START The data

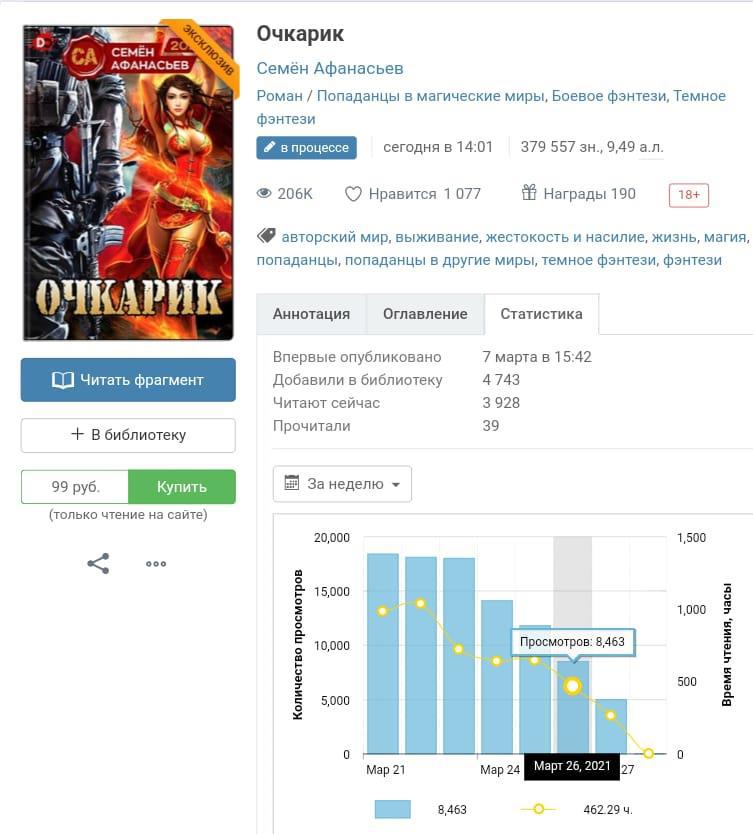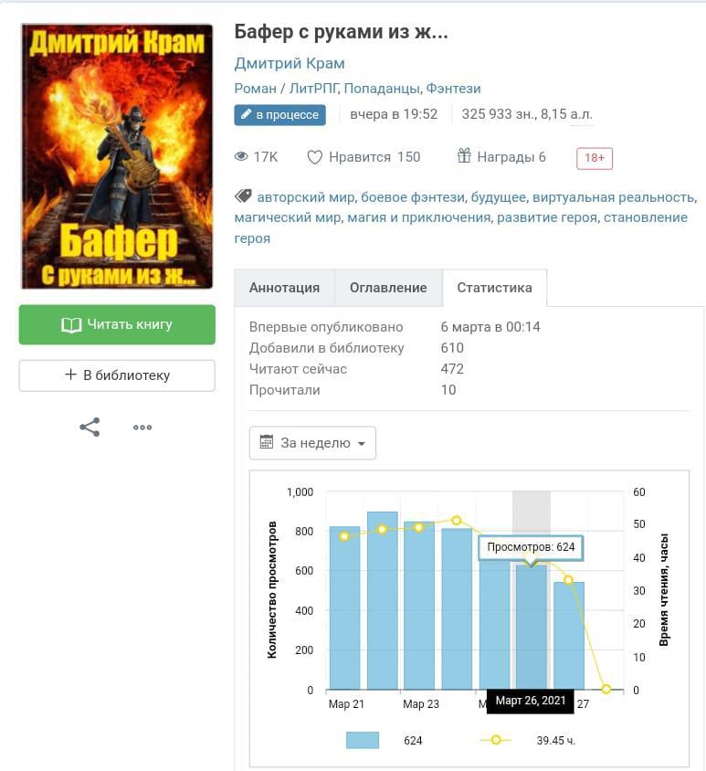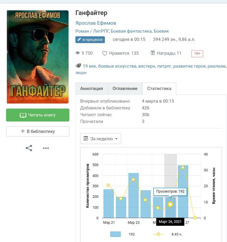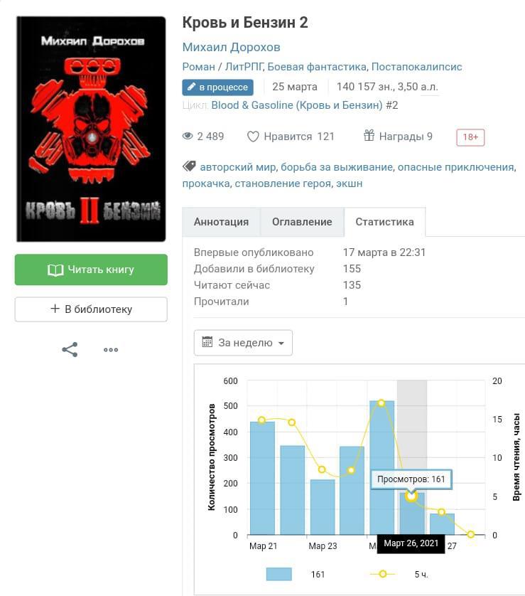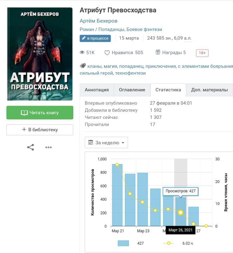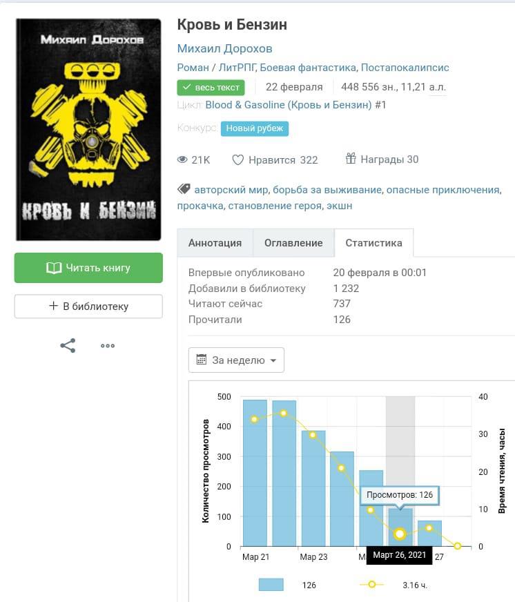 9. Михаил Дорохов. Публикуется на АТ с января 2018 года. На момент старта имел чуть больше 400 подписчиков, из которых более 300 были неактивны из-за двух крупных перерывов между выкладками книг. Встал с новой книгой в ГН на третьи сутки после её старта.
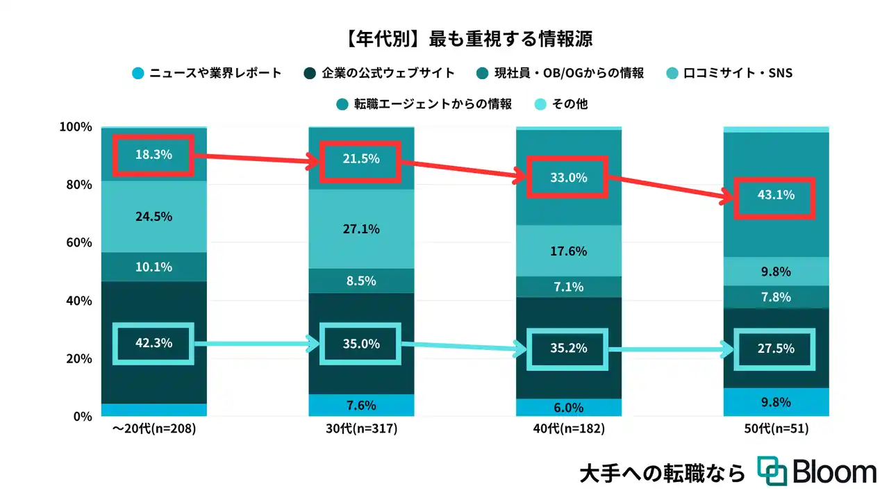 転職活動の情報収集において最も重視する情報源:20代は「企業の公式ウェブサイト(42.3%)」で「口コミサイト・SNS(24.5%)」を上回る結果に。50代は「転職エージェントからの情報(43.1%)」と、若年世代ほど企業が発信する一次情報メディアを重視する結果に。 |
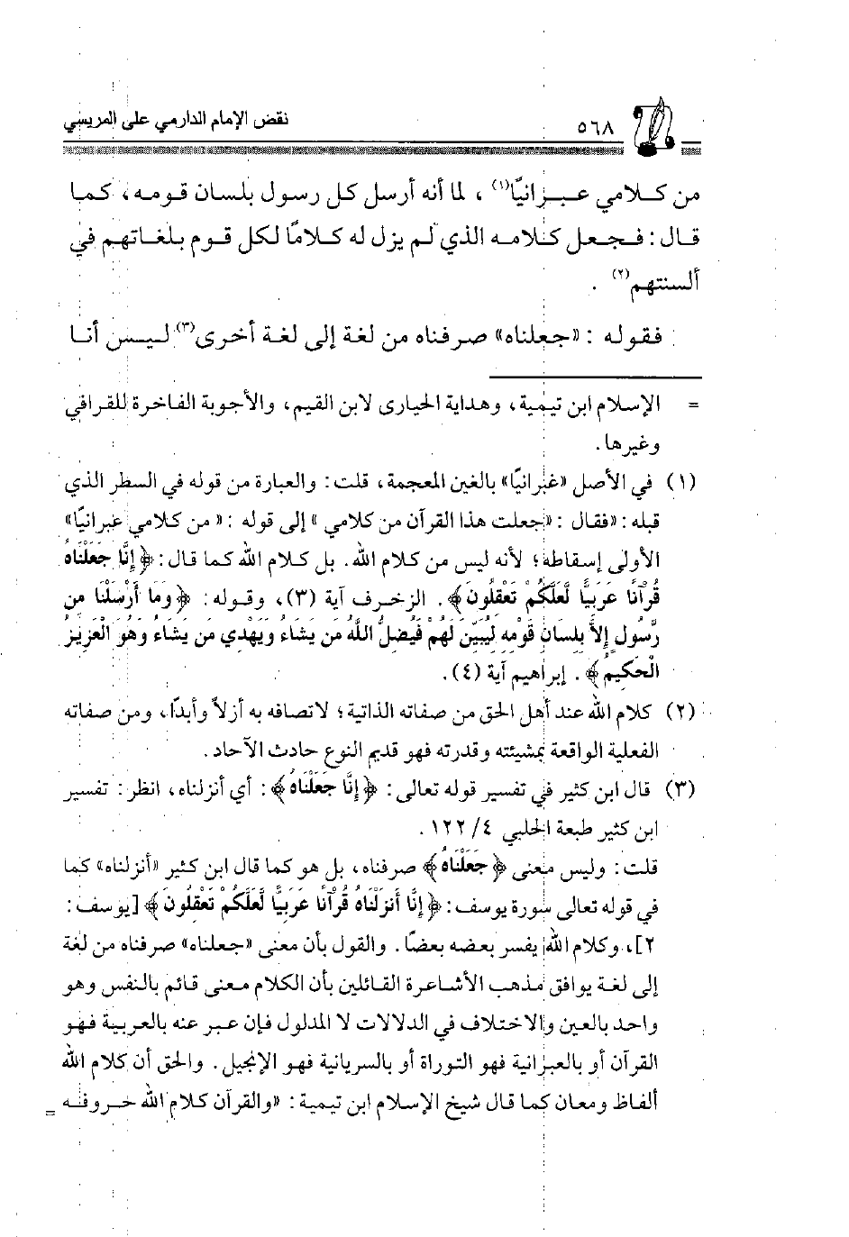 1 فِي الأَصْل "غبرانيًّا" بالغين الْمُعْجَمَة، قلت: والعبارة من قَوْله فِي السطر الَّذِي قلبه "فَقَالَ: "جعلت هَذَا الْقُرْآن من كَلَامي" إِلَى قَوْله: "من كلامى عبرانيًّا" الأولى إِسْقَاطه؛ لِأَنَّهُ لَيْسَ من كَلَام الله. بل كَلَام الله كَمَا قَالَ: {إِنَّا جَعَلْنَاهُ قُرْآنًا عَرَبِيًّا لَعَلَّكُمْ تَعْقِلُون} [الزخرف آيَة 3] ، وَقَوله: {وَمَا أَرْسَلْنَا مِنْ رَسُولٍ إِلاَّ بِلِسَانِ قَوْمِهِ لِيُبَيِّنَ لَهُمْ فَيُضِلُّ اللَّهُ مَنْ يَشَاءُ وَيَهْدِي مَنْ يَشَاءُ وَهُوَ الْعَزِيزُ الْحَكِيم} . [إِبْرَاهِيم آيَة 4] .

END The data

Retype the whole of the data verbatim. Skip every picture.

 9. Михаил Дорохов. Публикуется на АТ с января 2018 года. На момент старта имел чуть больше 400 подписчиков, из которых более 300 были неактивны из-за двух крупных перерывов между выкладками книг. Встал с новой книгой в ГН на третьи сутки после её старта.
 転職活動の情報収集において最も重視する情報源:20代は「企業の公式ウェブサイト(42.3%)」で「口コミサイト・SNS(24.5%)」を上回る結果に。50代は「転職エージェントからの情報(43.1%)」と、若年世代ほど企業が発信する一次情報メディアを重視する結果に。 |
 1 فِي الأَصْل "غبرانيًّا" بالغين الْمُعْجَمَة، قلت: والعبارة من قَوْله فِي السطر الَّذِي قلبه "فَقَالَ: "جعلت هَذَا الْقُرْآن من كَلَامي" إِلَى قَوْله: "من كلامى عبرانيًّا" الأولى إِسْقَاطه؛ لِأَنَّهُ لَيْسَ من كَلَام الله. بل كَلَام الله كَمَا قَالَ: {إِنَّا جَعَلْنَاهُ قُرْآنًا عَرَبِيًّا لَعَلَّكُمْ تَعْقِلُون} [الزخرف آيَة 3] ، وَقَوله: {وَمَا أَرْسَلْنَا مِنْ رَسُولٍ إِلاَّ بِلِسَانِ قَوْمِهِ لِيُبَيِّنَ لَهُمْ فَيُضِلُّ اللَّهُ مَنْ يَشَاءُ وَيَهْدِي مَنْ يَشَاءُ وَهُوَ الْعَزِيزُ الْحَكِيم} . [إِبْرَاهِيم آيَة 4] .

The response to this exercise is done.